As a player, Jurgen Klopp wasn't anything particularly special.

He spent most of his career as a striker in Germany's lower divisions, turning out for Mainz for 11 years between 1990 and 2001 and firing home 56 goals in 340 appearances (some of which were spent as a defender). It wasn't particularly mind-blowing, but it was still enough to make him Mainz's record goalscorer.

February 2001 was a rough month for Klopp. Now an ageing defender, he found himself injured and forced to watch his team struggle from the sidelines. Manager Eckhard Krautzun was given the sack on 27 February, and given Klopp had nothing else to do, he was put in temporary charge of the team.

It was quite a surprising decision to see a player put in charge, but everyone at Mainz knew that Klopp had the mind for the job. Even he knew it.

“I never succeeded in bringing to the field what was going on in my brain,” he said (via Liverpool's official website). “I had the talent for the fifth division, and the mind for the Bundesliga. The result was a career in the second division.”

He didn't get a lot of time to prepare for his first taste of management. Just 24 hours later, on 28 February 2001, Klopp was leading his Mainz side out against Duisburg for his first ever game as a manager.

Klopp was tasked with replicating the tactical style of club great Wolfgang Frank - something that had overwhelmed two previous bosses. He needed to re-instate a 4-4-2 and do away with the idea of the old school sweeper defender, and he rose to the challenge.

He took his underdogs and managed to inspire them to a shock victory, relying largely on his ability to implement a tactical style which most could not comprehend at the time. The idea of playing a flat four-man defence was so alien that it had cost two Mainz bosses their jobs, but for Klopp, getting his head around it was light work.

Never one to shy away from a challenge, Klopp felt there was a chance to prove his superior intellect. His arrogance was not misguided as everyone around him had faith in his abilities to shine.

After just a handful of training sessions, Klopp had the entire disillusioned squad on his side, and they played like the unit they were supposed to be as they picked up a surprising 1-0 victory which gave them a glimmer of hope in a relegation battle.

It was widely accepted that this Mainz side weren't particularly good. After all, they had been locked in a relegation battle for a reason. However, what set them apart was their energy and tactical superiority.

Mainz secured five wins and a draw over the next six games, doing away with any manager who felt they could go toe-to-toe with Klopp and effectively sealing their survival in the second tier of German football.

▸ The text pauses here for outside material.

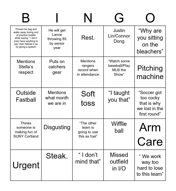 This bingo card has a free space and 24 words: Urgent, Disgusting, Mentions rangers record when in attendance, Missed outfield in I/O, “Why are you sitting on the bleachers”, Throws his bag and walks away during end of practice huddle while saying “ I don’t even have anything to say” then follows it up by giving a speech, He will get Lance throwing 85 by senior year, Rest., “I taught you that”, “Soccer got too cocky that is why we lost in the first round”, Outside Fastball, Puts on catchers gear, Wifflle ball, Arm Care, Mentions Stella’s respect, Steak., “ I don’t mind that”, Justin Lin/Connor Dong, Pitching machine, Thinks someone is making fun of SUNY Cortland, Mentions what month we are in, “The other team is going to use this as fuel”, “Watch some baseball/Play MLB the Show” and “ We work way too hard to lose to this team”.

The rest, as they say, is history.

While he may have entered management playing someone else's football, Klopp soon took Frank's 4-4-2 and turned it into his own 4-3-3. He was given the trust of both the Mainz squad and board, all of whom had already seen enough to know that this guy knew what he was talking about.

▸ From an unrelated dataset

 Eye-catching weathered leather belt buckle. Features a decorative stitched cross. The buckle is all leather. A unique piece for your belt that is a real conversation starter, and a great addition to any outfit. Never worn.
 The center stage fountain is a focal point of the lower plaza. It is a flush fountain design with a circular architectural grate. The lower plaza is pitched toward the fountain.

Klopp soon grew into a world-beater
Klopp soon grew into a world-beater / PATRIK STOLLARZ/Getty Images

It was a brilliance which soon earned Mainz a spot in the German top tier, and as Klopp's reputation grew, so did his trophy cabinet.

Two Bundesliga titles with Borussia Dortmund weren't too far away, and things went one step further when he managed to turn Liverpool into European champions in 2019. His pedigree is firmly established, and the signs of a bright future were clear to see in that 1-0 win over Duisburg.